- What is required: Would you write out the full listing exactly, without any pictures?

- Provided material:

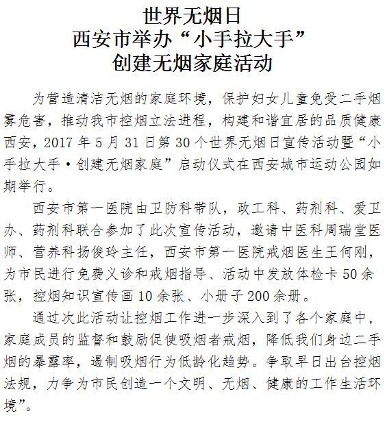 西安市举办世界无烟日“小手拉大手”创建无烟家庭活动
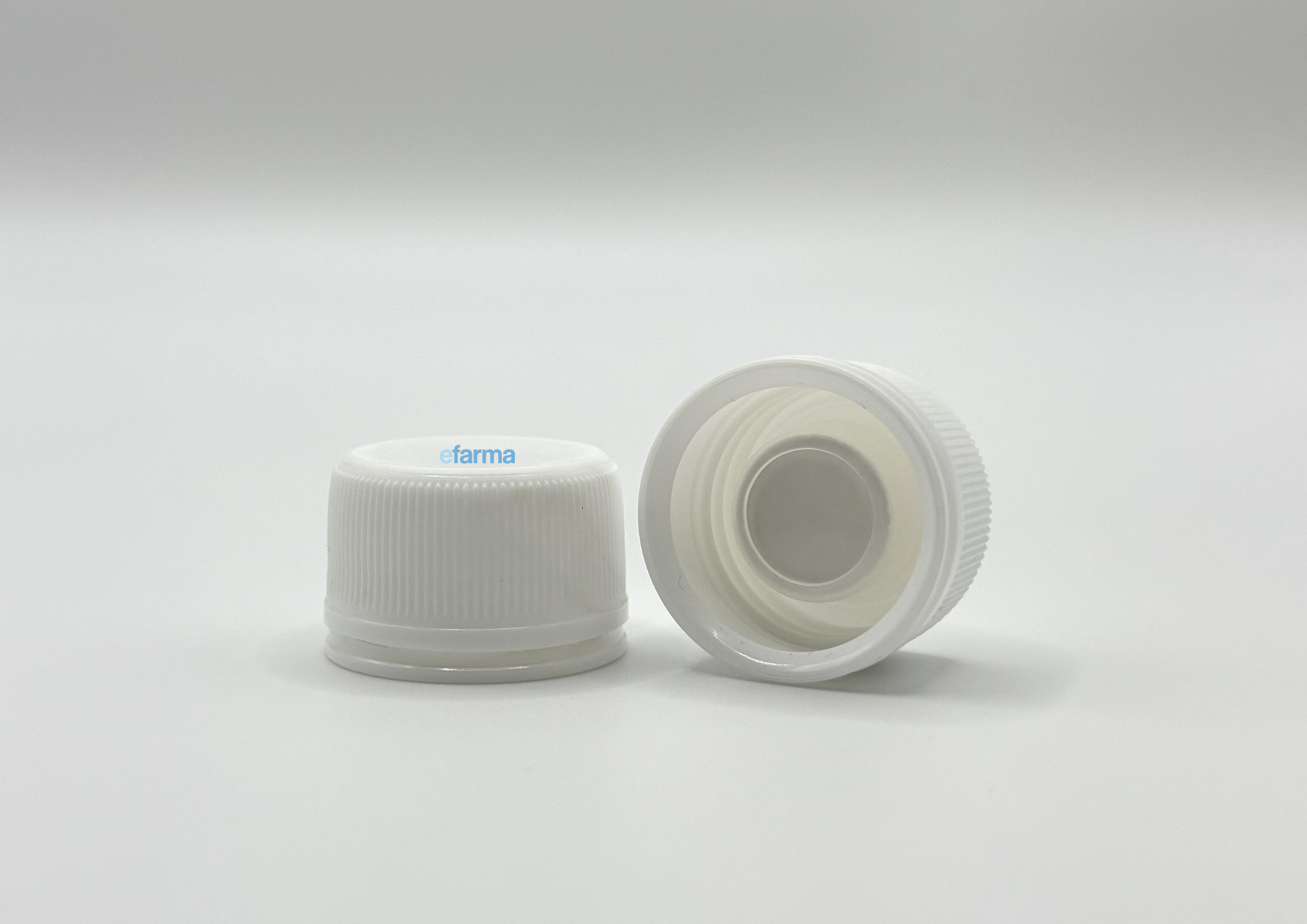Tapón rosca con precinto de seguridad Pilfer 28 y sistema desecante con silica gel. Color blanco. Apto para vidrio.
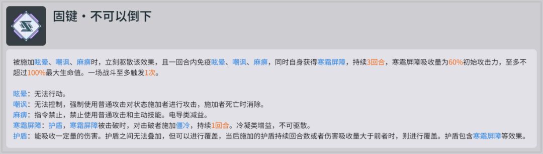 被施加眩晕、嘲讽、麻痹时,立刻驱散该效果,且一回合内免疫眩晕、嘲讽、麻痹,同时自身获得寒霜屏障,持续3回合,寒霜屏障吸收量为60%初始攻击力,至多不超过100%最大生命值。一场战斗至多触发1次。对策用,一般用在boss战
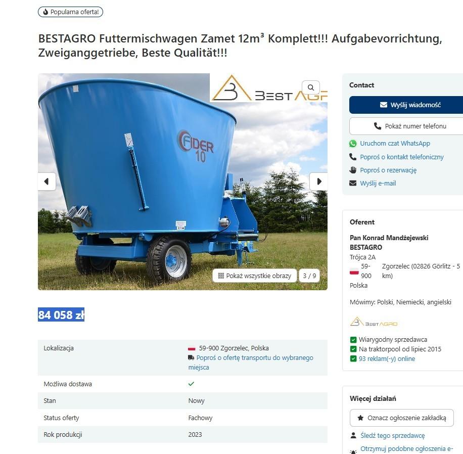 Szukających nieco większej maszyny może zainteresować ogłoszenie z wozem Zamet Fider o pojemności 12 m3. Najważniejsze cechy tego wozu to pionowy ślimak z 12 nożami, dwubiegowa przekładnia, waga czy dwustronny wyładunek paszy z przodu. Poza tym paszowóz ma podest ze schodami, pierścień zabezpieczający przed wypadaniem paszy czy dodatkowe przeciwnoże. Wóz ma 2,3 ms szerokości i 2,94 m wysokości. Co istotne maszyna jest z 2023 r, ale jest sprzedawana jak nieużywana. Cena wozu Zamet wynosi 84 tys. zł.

- Solution:
 西安市举办世界无烟日“小手拉大手”创建无烟家庭活动
Tapón rosca con precinto de seguridad Pilfer 28 y sistema desecante con silica gel. Color blanco. Apto para vidrio.
 被施加眩晕、嘲讽、麻痹时,立刻驱散该效果,且一回合内免疫眩晕、嘲讽、麻痹,同时自身获得寒霜屏障,持续3回合,寒霜屏障吸收量为60%初始攻击力,至多不超过100%最大生命值。一场战斗至多触发1次。对策用,一般用在boss战
 Szukających nieco większej maszyny może zainteresować ogłoszenie z wozem Zamet Fider o pojemności 12 m3. Najważniejsze cechy tego wozu to pionowy ślimak z 12 nożami, dwubiegowa przekładnia, waga czy dwustronny wyładunek paszy z przodu. Poza tym paszowóz ma podest ze schodami, pierścień zabezpieczający przed wypadaniem paszy czy dodatkowe przeciwnoże. Wóz ma 2,3 ms szerokości i 2,94 m wysokości. Co istotne maszyna jest z 2023 r, ale jest sprzedawana jak nieużywana. Cena wozu Zamet wynosi 84 tys. zł.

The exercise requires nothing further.